EXHIBIT 5
May 20, 2022
USA Truck, Inc.
3200 Industrial Park Road
Van Buren, Arkansas 72956
Re:Registration Statement on Form S-8
Ladies and Gentlemen:
We are acting as counsel to USA Truck, Inc., a Delaware corporation (the "Company"), in connection with its preparation and filing with the Securities and Exchange Commission (the "Commission") of a Registration Statement on Form S-8 (the "Registration Statement") to be filed on or about the date hereof. The Registration Statement relates to the registration by the Company under the Securities Act of 1933, as amended (the “Securities Act”) of an additional 250,000 authorized and unissued shares of the Company's common stock, par value $0.01 per share (the "Common Stock"), which may be issued pursuant to awards under the Company's 2014 Omnibus Incentive Plan, as amended by the first, second and third amendments (the "Plan").
This opinion letter is being delivered in accordance with the requirements of Item 601(b)(5) of Regulation S-K, 17 C.F.R. § 229.601(b)(5). We are rendering this opinion as of the time the Registration Statement becomes effective, which Registration Statement became automatically effective upon filing with the Commission pursuant to Rule 462(a) under the Securities Act.
In rendering the opinion set forth below, we have examined originals, or copies certified or otherwise identified to our satisfaction, of (a) an executed copy of the Registration Statement; (b) the Restated and Amended Certificate of Incorporation of the Company; (c) the Bylaws of the Company; (d) certain resolutions adopted by the Board of Directors of the Company relating to the filing of the Registration Statement; (e) the Plan; and (f) such other documents, records, certificates, and other instruments as in our judgment are necessary or appropriate for purposes of this opinion. We have relied upon statements and representations of officers and other representatives of the Company as to factual matters.

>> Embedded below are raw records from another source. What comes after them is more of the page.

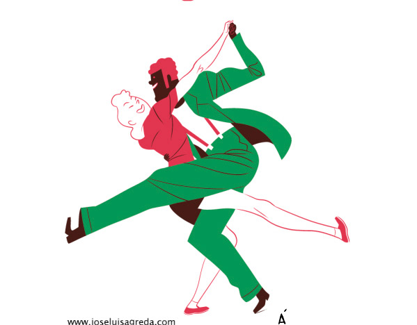 Algunos pasos de Lindy Hop. Una colección de postales hechas para el Sevilla Swing Festival. Risografías realizadas por el taller El Último Mono de Sevilla.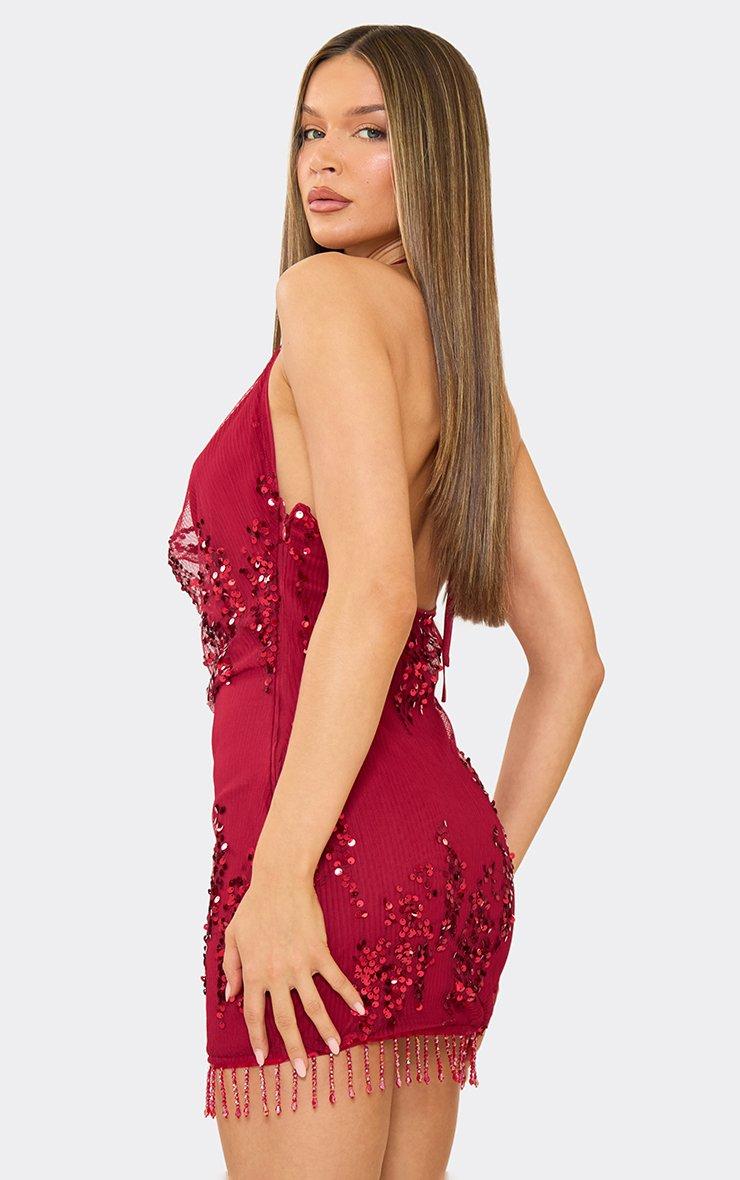 Halterneck Low Back Eyelet Belt Mini Dress In Burgundy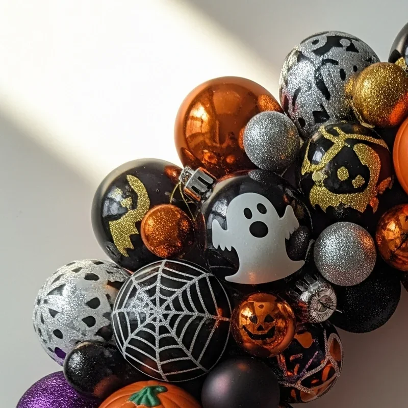 Reimagine Christmas ornament wreaths with Halloween-themed balls creating a glamorous yet spooky entrance decoration. Collect plastic ornaments in black, orange, purple, and metallic finishes, choosing various sizes and textures. Include specialty ornaments shaped like skulls, witches, or pumpkins among traditional spheres. Hot glue ornaments to a foam wreath form, layering larger balls first then filling gaps with smaller ones. Add glittered balls for sparkle and matte black ones for depth contrast. Incorporate miniature Halloween figurines nestled between ornaments for surprise discoveries. Weave battery-operated orange or purple lights through the arrangement for evening glow. Top with a large decorative bow in Halloween patterns or metallic finish. This elegant approach elevates Halloween decorating to match the sophistication often reserved for winter holidays, proving October celebrations deserve equal glamour.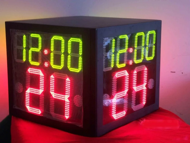 24秒钟装置(又叫24秒计时器)是篮球运动中用来增加比赛节奏的。进攻方从发球到己方队员手上开始计时,24秒内需完成篮球"打板"或"碰筐"动作,以上动作完成后,计时表重新归0开始计时24秒,24秒内不能完成以上动作即视为24秒违例。如果比赛被停止时, 24 秒钟装置上显示的剩余时间多于 14 秒, 24 秒钟装置不复位,但应从它被停止的位置继续开始比赛。如果比赛被停止时, 24 秒钟装置上显示的剩余时间少于 13 秒, 24 秒钟装置应当复位到剩余 14 秒的位置继续开始比赛。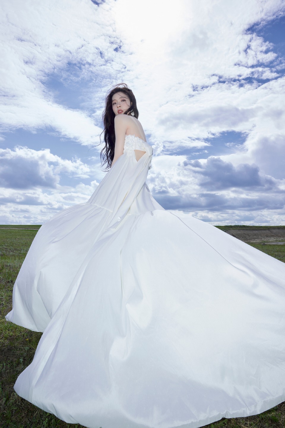 宋妍霏白纱原野绮梦共赴 蓝天绿草间绮梦绽放

In our examination of the aforesaid documents, we have assumed without verification the genuineness of all signatures, the legal capacity of all natural persons, the accuracy and completeness of all documents submitted to us, the authenticity of all original documents, the conformity to authentic original documents of all documents submitted to us as copies, and that the Company will have sufficient authorized and unissued shares of Common Stock available with respect to any shares of Common Stock issued pursuant to awards under the Plan after the date of this letter. This opinion letter is given, and all statements herein are made, in the context of the foregoing.
This opinion letter is based as to matters of law solely on the internal laws of the State of Delaware and the federal laws of the United States. We express no opinion herein as to any other laws, statutes, ordinances, rules, or regulations.
Based upon, subject to, and limited by the foregoing, and subject to the assumptions, limitations, and qualifications stated herein, we are of the opinion that the additional 250,000 shares of Common Stock that may be issued pursuant to awards under the Plan are duly authorized shares of Common Stock, and, when issued against receipt of the consideration therefor in accordance with the provisions of the Plan, will be validly issued, fully paid, and nonassessable.
Our opinion represents the reasoned judgment of Scudder Law Firm, P.C., L.L.O., as to certain matters of law stated herein and should not be considered or construed as a guaranty. This opinion letter is limited to the specific issues addressed herein, and no opinion may be inferred or implied beyond that expressly stated herein. This opinion letter speaks as of the date hereof. Our opinion is subject to future changes in law or fact, and we disclaim any obligation to advise you of or update this opinion for any changes of applicable law or facts that may affect matters or opinions set forth herein.